# China



## R.G. (Mar 26, 2012)

I have had some extensive dealings with Chinese manufacturing, including working at the factory in China for a while. 

I get a little tired of people using "made in China" as a synonym for "low quality." It's a lot like the use of "Made in Japan" for low quality before we found out in the 1980s that the Japanese make really, really high quality stuff. Detroit found this out to their detriment. Other industries - like semiconductors - found this out too. 

The real problem with quality for items made in China is businessmen from the USA doing the buying. The Chinese, as a group, are as capable of high quality manufacture as anyone. But they are businessmen. When a buyer from the USA says "make it as cheap as you can", they sell him what he wants. Literally every penny gets squeezed out. 

Remember USA manufacturing the 1980s? When "made in the USA" became a near-synonym for "made on Monday or Friday junk"? Pennies are squeezed out the same way in manufacturing in China, by cutting corners. But we're asking for the bottom of the barrel. It's not like it's all they can do. 

We'll wake up to this, to our detriment, at some point. Don't scorn "made in China" as "junk"; be very afraid that they can do better if they want, because they can.


----------



## ScrapMetal (Mar 26, 2012)

What you say is absolutely true (IMHO) and I've said virtually the same thing myself many times.  The thing is though that "made in China" will remain a codeword for "crap" until we actually start importing their quality made items.  By the time we do that manufacturing in America will be completely gone and we will have no choice but to buy the more expensive foreign made items.

-Ron


----------



## "Mike" (Mar 27, 2012)

Of course,  NOW "Made In Japan"  stands for "check for radioactivity"!


----------



## Kennyd (Mar 27, 2012)

I am still leery...

If I owned XYZ Widget Manufacturing in China, and Joe America came to me build his widget with sub-standard materials and little to no quality control just so he could undercut the next guy I would refuse the business.  I would would lower my standards and put my name on a product that I know is inferior.  To do so shows to me the people there are just greedy and could care less as a whole.  Like the pictures Charley posted in post #8 of this thread: http://www.hobby-machinist.com/showthread.php/5844-CDCO-5C-Collet-Chuck-Review?styleid=1

In the USA or CA, if a company turned out a product like that they would be out of business quickly, but in China it seems they thrive to turn out crap and sell it to the US?

Just my opinion, probably worth what you paid for it.


----------



## Tony Wells (Mar 27, 2012)

I hope you guys keep this thread within the bounds we have established.

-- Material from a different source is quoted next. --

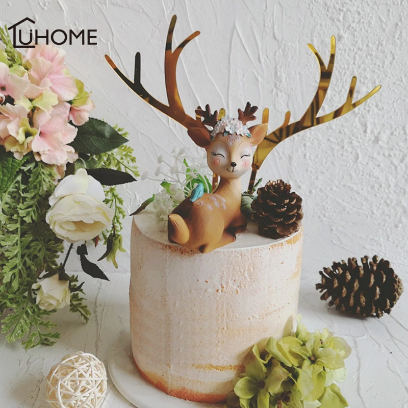 Cake Topper Gold Acrylic Elk Antler Decor For Christmas Wedding Party Supplies Diy Pine Cone Cute Sleeping Elk Home Cake Decor Cake Decorating Supplies Aliexpress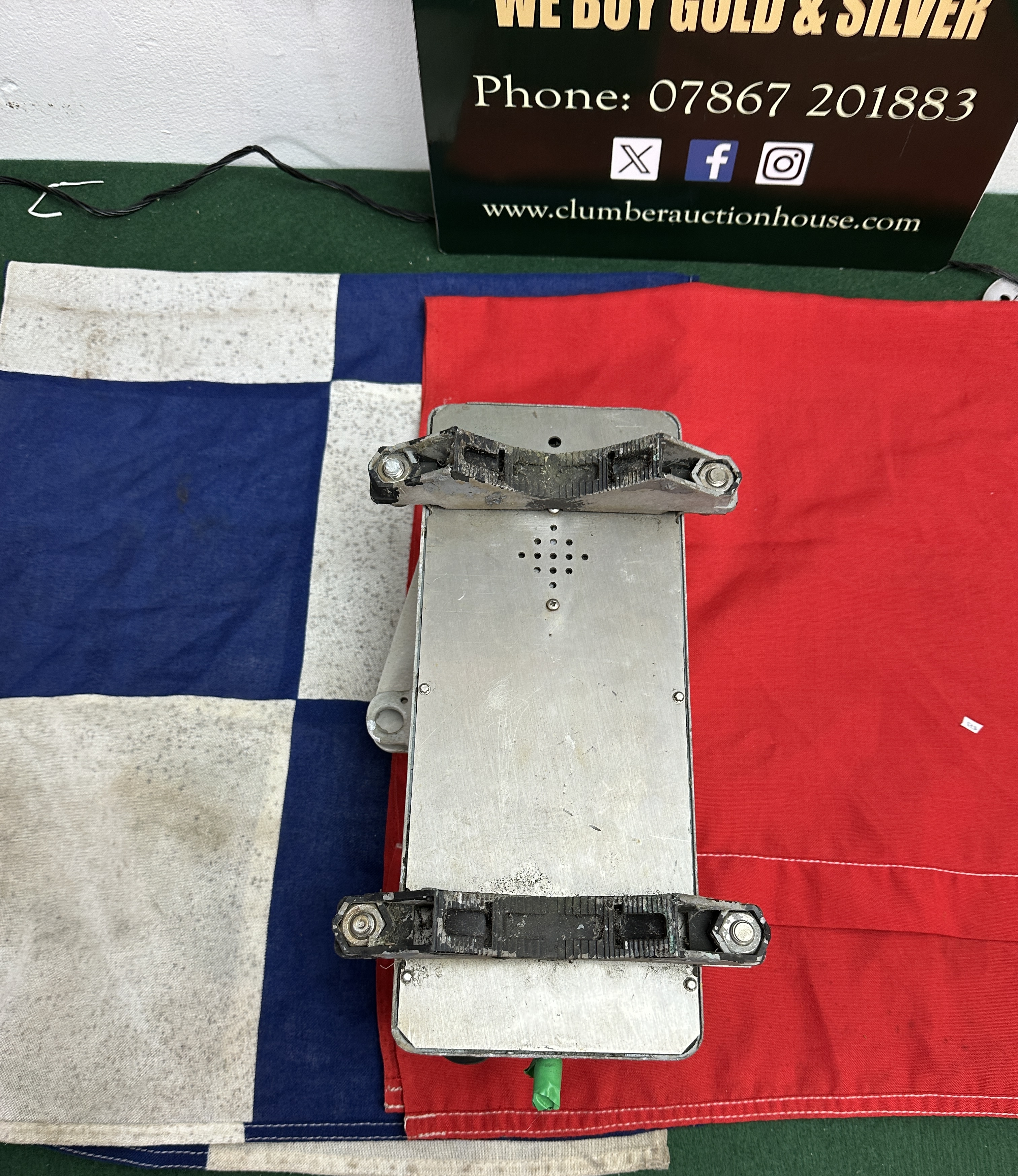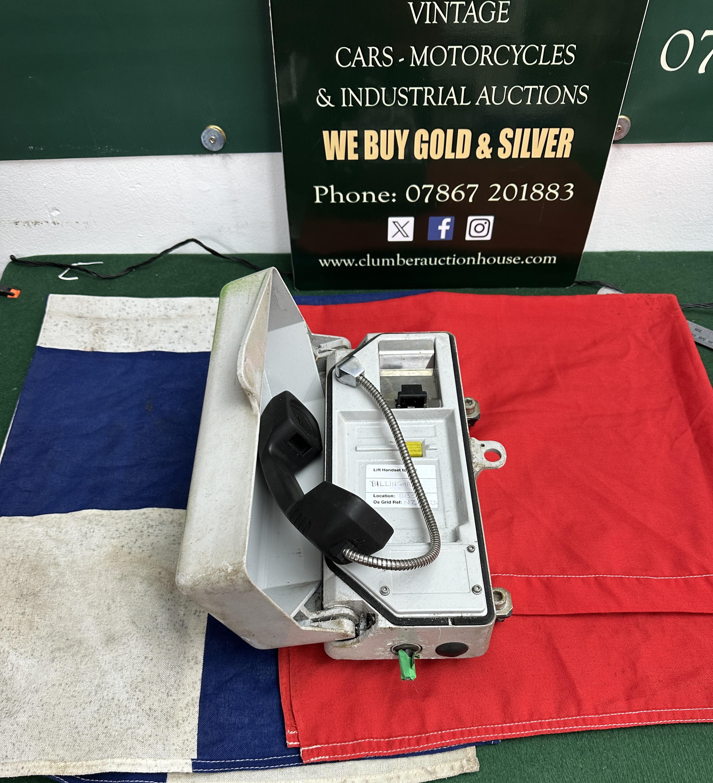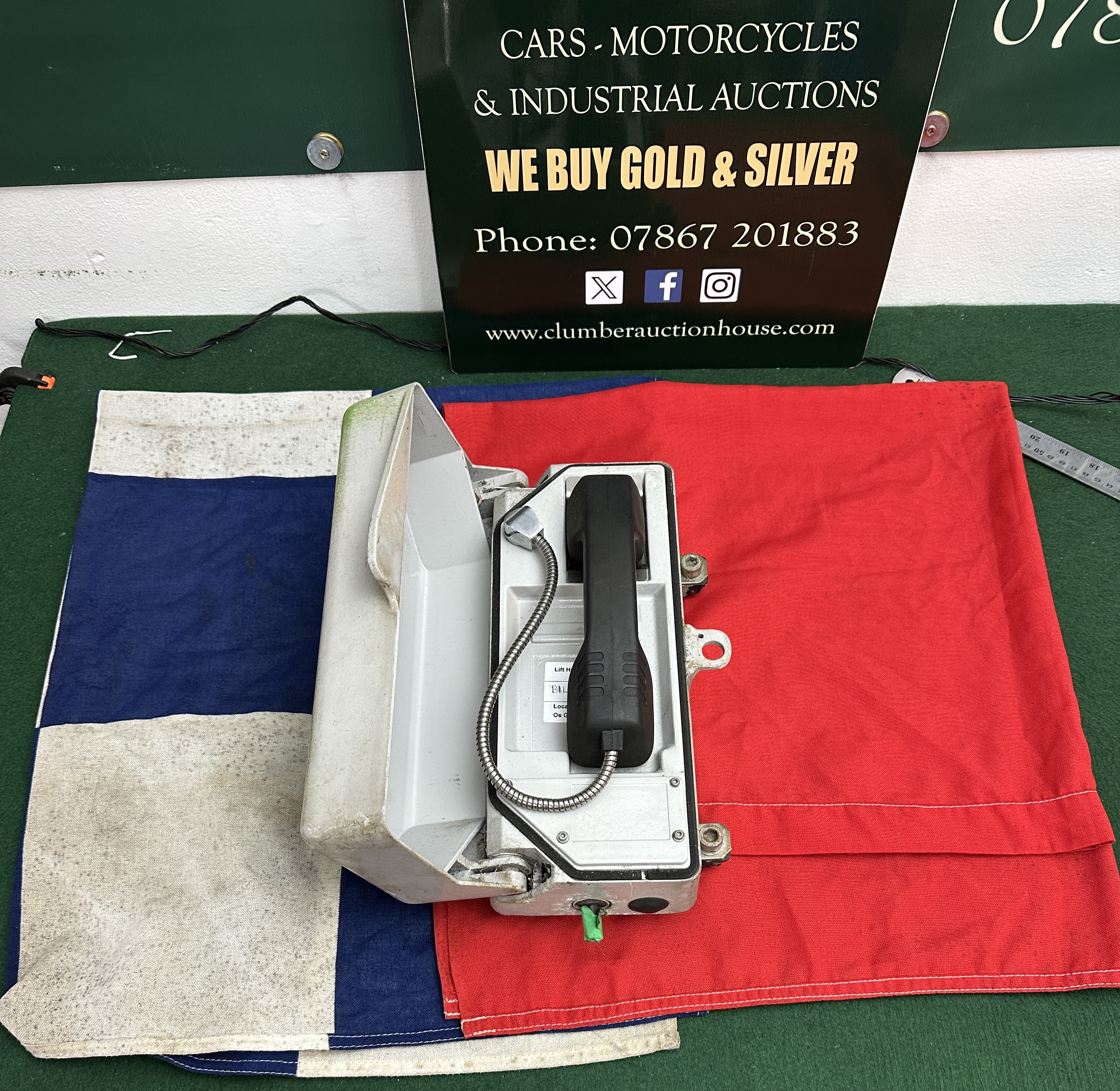 A collection of three items centred around a rugged industrial or emergency telephone unit, identified through web intelligence as being associated with DAC Limited, a known supplier for infrastructure such as Network Rail. The unit features a heavy-duty, light grey/white cast metal or composite housing with a hinged lid, designed for wall mounting. The interior houses the components and a black plastic handset connected by a coiled metal cable. Visible internal labels bear fragmented text including TFL, Lift Handset, and Location ID Ref., indicating use within a public utility or transport environment. The unit is presented resting upon two large textile pieces: one solid red fabric banner and one large flag composed of blue and white checkered quadrants, resembling an international maritime signal flag. The telephone unit includes mounting brackets visible on the back panel.

It's not productive to encourage a discussion centered on the negative press received by Chinese (or any import) tools and equipment. it's just to turn into a defense/offense of an individual's position. We can discuss why there are reasons for the disparity in products, but let's not let it get personal.

Carry on!


----------



## ScrapMetal (Mar 27, 2012)

No problem Tony.

Kenny, you make a point about turning away work that you feel is sub-standard and that's all fine and good (I agree for that matter) but I don't think it applies in this case.  The manufacturer in China is offered a great deal of money to produce a product to the price-point required ala the buyer.  It will be the "buyers" name that ends up on the product with the only indication of production being "made in China".  Being that most of the industrial complex in China is at least partially owned by the government (as I understand it, not an expert on it by any means) and it's all about making a profit.  I really see no down-side for said manufacturer to produce what the client is asking for.

-Ron


----------



## R.G. (Mar 27, 2012)

Tony Wells said:


> I hope you guys keep this thread within the bounds we have established. It's not productive to encourage a discussion centered on the negative press received by Chinese (or any import) tools and equipment. it's just to turn into a defense/offense of an individual's position. We can discuss why there are reasons for the disparity in products, but let's not let it get personal.


Sorry - I didn't mean to kick off something that goes incindiary. Tony's right - let's not get into the "did so/did not" stuff. In fact, let's drop it entirely. I had a knee-jerk reaction.


----------



## lazyLathe (Mar 27, 2012)

Thought i would add this bit of info!

I am on a good many other hobby machining sites, all under my same name so i am easy to find!:biggrin:

There is a company in the U.K called Arc Euro Trade that get most of their stuff made in China.
Here is a review of their latest offering, ER-32 collet blocks.
John, the guy that is reviewing them is very fussy on his tooling.
If it is not to his liking or tolerances he expects he will not recommend it.
A very straight shooter kind of guy!

From what i see the made in China  with lack of quality is falling by the wayside slowly.
This is great news for us hobbyists as we will start to see great quality, affordable tools and tooling!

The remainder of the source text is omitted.